Warren's boots hit the ground without sound, soaked too deeply to splash. Every step was a negotiation with surfaces that could betray him at any second.

Vines and moss crept through cracks in the ceiling where the world above had split open. A few plants still tried to live here, pale and sickly, clinging to dead light.

There was no system broadcast in the Red. No comforting hum of network chatter. Only static gnawed faintly at the edge of hearing, like a machine dreaming of something it had forgotten.

Signs dangled on twisted brackets: "Evacuation Route," "Safe Zone Ahead," lies for a world that had drowned long before the warnings had faded.

Some walls bore impact scars where desperate hands or weapons had struck in vain. Others were stained darker, the kind of marks Warren chose not to think about.

The Red was not abandoned. It had been forsaken. It was left to its own slow, merciless collapse, forgotten by a world that could no longer afford to remember it.

Every breath Warren took here was theft. Every step was a choice to exist where existence was not welcome.

And he moved through it not as a visitor, as an intruder.

The place offended every part of him that cared about function. The Red was a monument to decay. It had been hollowed out so thoroughly that even its ruin seemed exhausted.

Warren felt the weight of it settle onto him . The silence was not peace. It was suffocation, an accusation carved into stone.

The very walls seemed to watch him. Not with eyes, but with a pressure he could not explain, as if remembering every failure that had soaked into the stone.

Every ruined station he passed through told the same story: abandonment, collapse, and then worse. None of it new. None of it repairable.

The darkness here was not simple. It had depth, a density that seemed to devour even thought if he let it.

The air scratched at his throat, thick with the dust of things long dead and things that had never fully lived.

Warren thought about the people who must have once moved through these tunnels: workers, passengers, soldiers. Their traces were gone. Their ghosts were not.

He wondered if they had understood they were dying when the collapse began, or if hope had kept them blind until the end.

Every shattered escalator, every broken track, every collapsed stairwell whispered the same message: no one is coming back.

The Red was not empty because it had been abandoned. It was filled with death at every corner, a place where every breath risked awakening something better left buried, and every shadow carried the weight of something lost.

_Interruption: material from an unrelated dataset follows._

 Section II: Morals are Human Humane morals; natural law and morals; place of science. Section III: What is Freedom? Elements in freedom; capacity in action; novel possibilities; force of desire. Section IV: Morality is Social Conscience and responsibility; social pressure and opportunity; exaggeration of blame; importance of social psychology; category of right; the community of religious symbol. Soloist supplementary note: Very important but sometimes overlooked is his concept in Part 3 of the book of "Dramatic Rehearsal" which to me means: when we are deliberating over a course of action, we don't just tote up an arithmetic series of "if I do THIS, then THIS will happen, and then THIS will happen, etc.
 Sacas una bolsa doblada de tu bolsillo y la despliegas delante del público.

Even the faint noises that slipped through the ruin the distant drip of water, the groan of shifting metal felt like echoes of a world that did not realize it was gone.

Warren moved faster because the place was trying to pull him into its own collapse, and he refused to be claimed by it.

 

Mara would've called it a suicide run. She would've hit him upside the head and cursed him quiet, told him there were smarter ways to gather what he needed. Ways that did not end with his blood pooling into cracked tile. Warren could almost hear her voice brushing against his mind, half judgment and half fear, the way she always spoke when she knew he had already made up his mind.

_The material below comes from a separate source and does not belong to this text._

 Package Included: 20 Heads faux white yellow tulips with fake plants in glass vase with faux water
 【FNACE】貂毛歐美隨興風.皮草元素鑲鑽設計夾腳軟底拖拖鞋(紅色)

"You can't outrun dead ground, Rabbit," she would have said. "It eats faster than you move. It does not care about how quiet you are, or how fast your feet are. You think you are clever, but cleverness doesn't fill a grave any slower. It just means you fall in thinking you were winning."

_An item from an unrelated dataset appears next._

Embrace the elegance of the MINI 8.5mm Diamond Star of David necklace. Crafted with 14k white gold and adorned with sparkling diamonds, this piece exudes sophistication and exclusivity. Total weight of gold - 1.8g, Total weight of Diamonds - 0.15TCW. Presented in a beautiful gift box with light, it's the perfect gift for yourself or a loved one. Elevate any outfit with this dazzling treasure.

Warren could feel the edge of her laughter in the memory, the way she covered fear with sharp words. Not to shame him. To sharpen him.

"The Red will not wait for you to be ready. It will not care that you are young, or fast, or angry. It has swallowed better things than you, Rabbit. If you run, run smart. If you fight, fight cruel. If you think for a moment you can survive it by instinct alone, you're already buried."

But Warren wasn't interested in "smarter." He wasn't built for careful retreats and long games. He wanted faster. He wanted real. And there was nothing faster than the Red.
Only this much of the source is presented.